Friday, June 19, 2026
Anthony Stoppard
- Almost as common as national flags at the African Union summit in Maputo, Mozambique, is the red ribbon symbol of the anti-HIV/AIDS campaign.
Messages warning about the threat HIV/AIDS poses to the future development of the continent are all over convention centre where 53 African heads of state are meeting this week.
One of them warns: ”Vertical transmission threatens the leadership of the continent.” But African leaders were taking the danger HIV/AIDS poses to the future of the continent very seriously, before this warning.
Part of the official programme of the summit was the first-ever international, open public forum with African heads of state on HIV/AIDS, malaria and tuberculosis – the Global Forum on Health and Development – using the latest communications technologies.
”It is an attempt to bring together African heads of state and their international partners to seal a joint commitment in scaling up action against diseases that are major health, economic and social problems throughout Africa,” said the organisers in a statement.
The meeting took place worldwide Thursday, from sites in Africa, Europe and the United States.
The session, the brainchild of Pascoal Mocumbi, Prime Minister of Mozambique, was organised by the Interactive Health Network (IHN) and Exchange, both British-based bodies active in health communication.
Speakers included the President of Mozambique, Joaquim Chissano; children’s rights activist, Graca Machel; the UN Secretary General, Kofi Annan; and the UNAIDS Executive Director, Peter Piot.
The Mozambican minister for foreign affairs, Leonardo Santo Simao, said the session was not about securing additional funds or to come up with another programme to fight HIV/AIDS, but to allow the participants to share their ideas and experiences of tackling the disease.
In his address to African leaders, Annan said: ”Just as Africa seeks to focus on the future, some of it can barely hang onto the present. Africa’s efforts are being systematically undermined by a virus so cruel that it strikes young adults as they are poised to enter their most productive years and assume the mantle of leadership.”
He called on them to take the lead in the fight against the disease. ”It requires all of you to show the way by example, by breaking the wall of silence that continues to surround the pandemic and making the fight against AIDS a priority second to none. I have made it mine and I know several among you have made it yours,” Annan said.
”Sixty million Africans have been touched by AIDS in the most immediate way,” said UNAIDS executive director, Piot.
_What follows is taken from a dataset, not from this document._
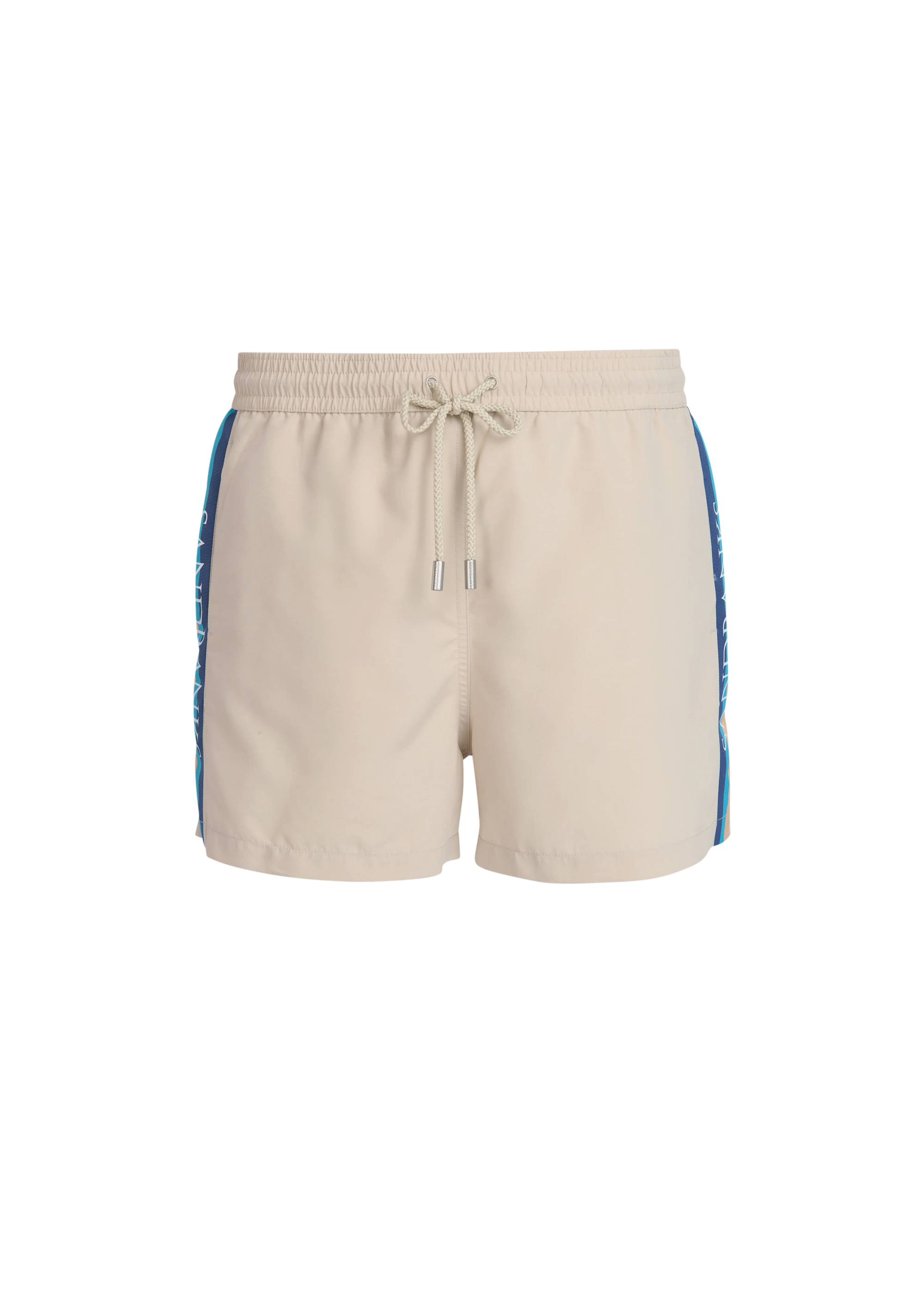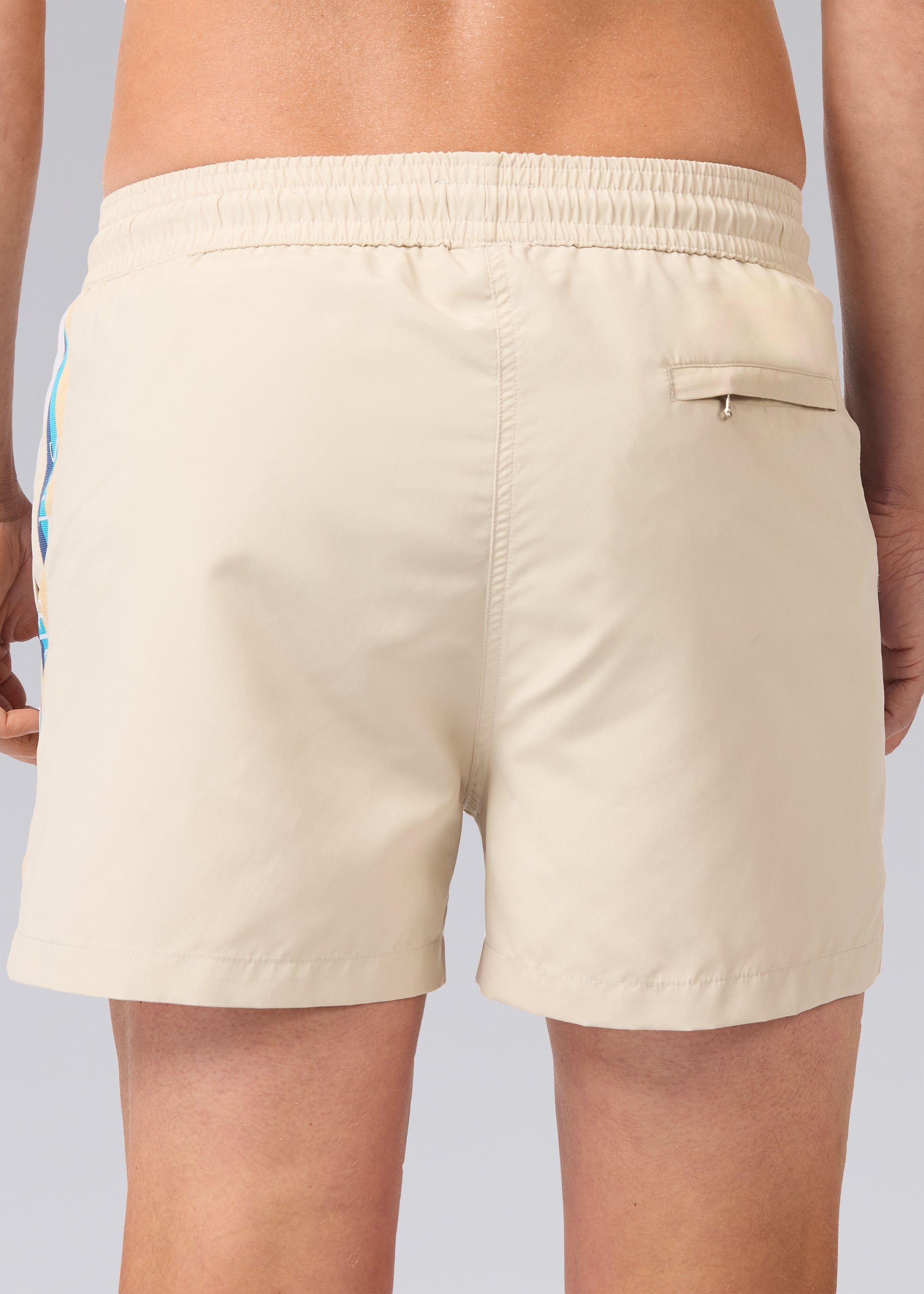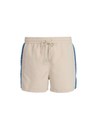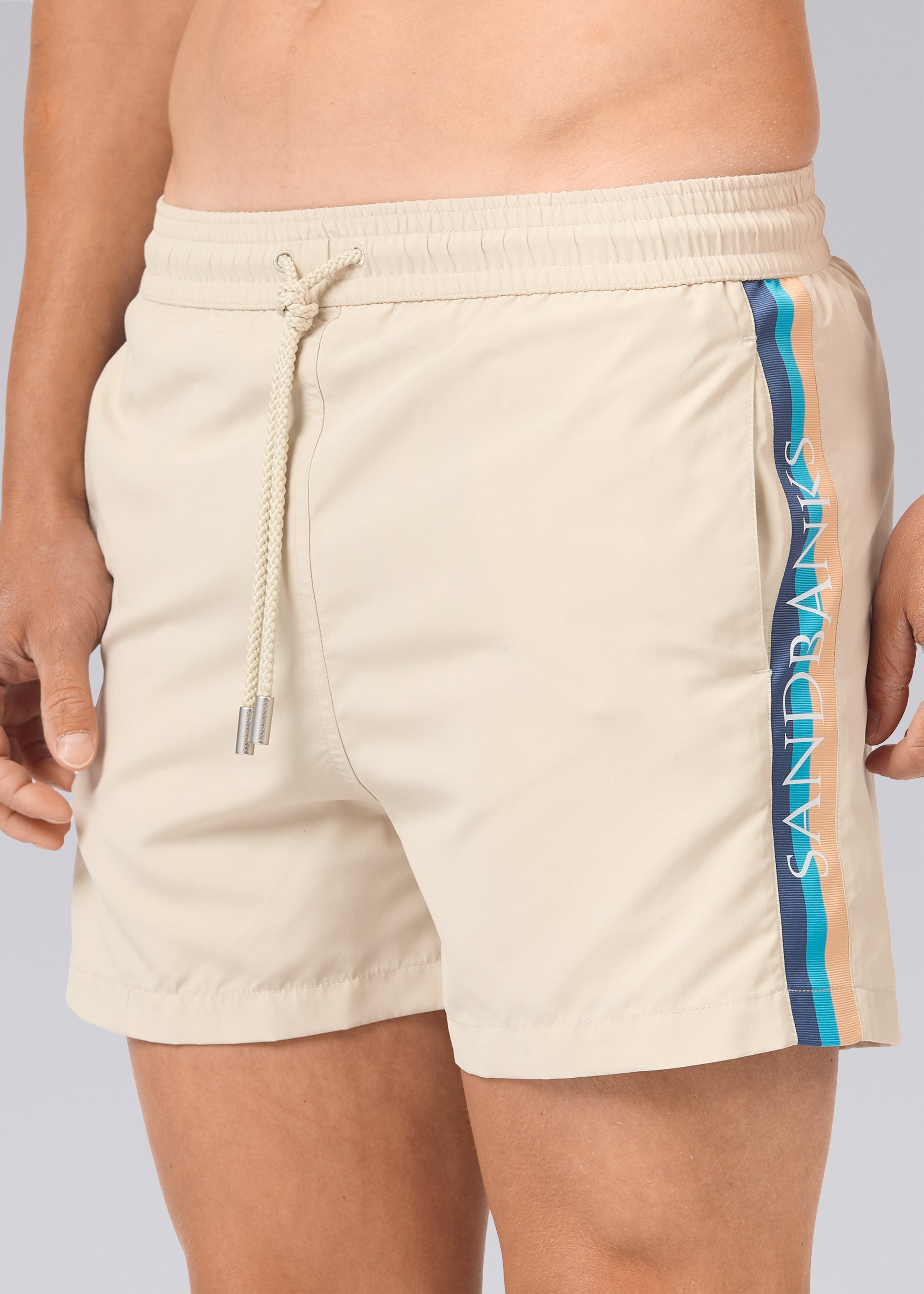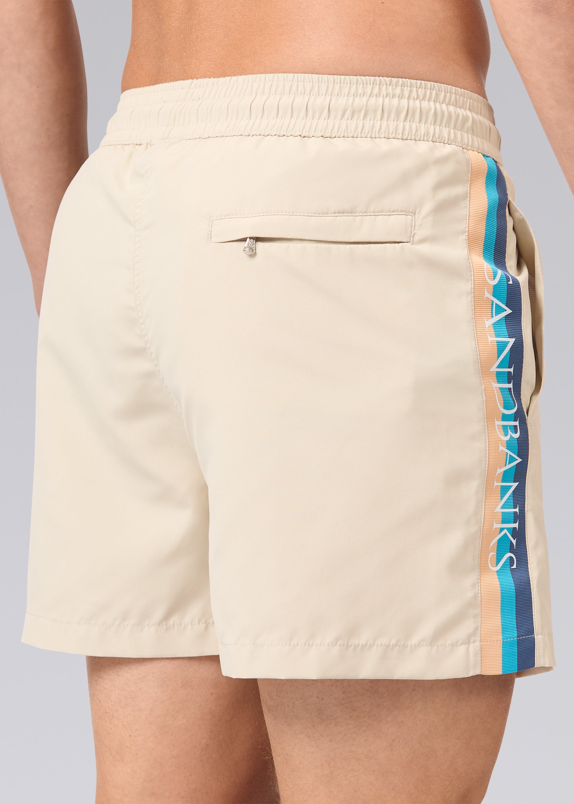 The Sandbanks retro swim shorts in stone, made from a luxurious emerised fabric using 100% recycled polyester yarns and features a tri-colour ribbon side seam details with Sandbanks print, elasticated waistband with drawstring cords, brushed gun metal cord ends with laser engraved Sandbanks logo, side pockets and rear zip pocket with laser engraved SB zip puller.

He said, ”They are either living with HIV, have died of AIDS or they have lost their parents to AIDS.”
Fifty-eight percent of those infected with the disease in sub-Saharan Africa are women, he added.
Piot warned that fewer that one in five people at risk of infection are targeted by an HIV/AIDS prevention programme.
He pointed out that although the price at which anti-retrovirals – drugs which ease the impact of the disease on people living with HIV/AIDS and help reduce the rate of infection with the virus – are available to developing countries, access to technical facilities and sustainable financing are still major barriers to their effective use.
Annan called on African governments and donors to double their budgets to fight the disease, every year, for the ”foreseeable future”.
During his five-nation tour of Africa, which ended this week, U.S. President George W. Bush had been promoting his 15-billion-U.S.-dollar package – over the next five years – to fight HIV/AIDS globally.